Overall, the second part of this four-hour, engaging, teachable documentary captures the complexity of the long retreat of Reconstruction. It brings to popular audiences the recent scholarship in Reconstruction studies and African American history. Gates, moreover, showcases the rich diversity of stellar scholars on screen. For once, white male scholars appear as the minority.

While comprehensive in scope and content, the documentary is not perfect. Gates’s telling of this complex and misunderstood era still permits the silencing of black women’s activism within the National Association of Colored Women and even the rise of New Negro Womanhood, to favor a rather conventional narrative centered on the Niagara Movement and emergence of the NAACP. The Exodusters and all-black Western towns also allowed for the continued displacement of Native Americans. Yet, they are absent from Part two. The southern focus also ignores the complex experiences of the Reconstruction North, Midwest, and West. Despite these missed opportunities, Henry Louis Gates’s Reconstruction: America After the Civil War is a worthwhile update to previous documentaries. Regardless how stony the road, Gates demonstrates in this fine documentary the necessity of understanding Reconstruction and its legacy in the present.

 

 

[1] Each episode appears on PBS.org, at https://www.pbs.org/weta/reconstruction/episodes/.

[2] Reconstruction: America After the Civil War, episode 3, directed by Julia Marchesi (Inkwell Films and McGee Media, 2019).

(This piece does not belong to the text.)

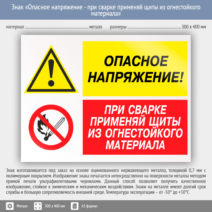 Знак «Опасное напряжение - при сварке применяй щиты из огнестойкого материала», КЗ-46 (металл, 400х300 мм) в Ачинске купить

[3] Reconstruction: America After the Civil War, episode 4, directed by Julia Marchesi (Inkwell Films and McGee Media, 2019).

Hilary N. Green

Hilary N. Green is an Associate Professor of History in the Department of Gender and Race Studies at the University of Alabama. She earned her M.A. in History from Tufts University in 2003, and Ph.D. in History from the University of North Carolina at Chapel Hill in 2010. Her research and teaching interests include the intersections of race, class, and gender in African American history, the American Civil War, Reconstruction, as well as Civil War memory, African American education, and the Black Atlantic. She is the author of Educational Reconstruction: African American Schools in the Urban South, 1865-1890 (Fordham, 2016).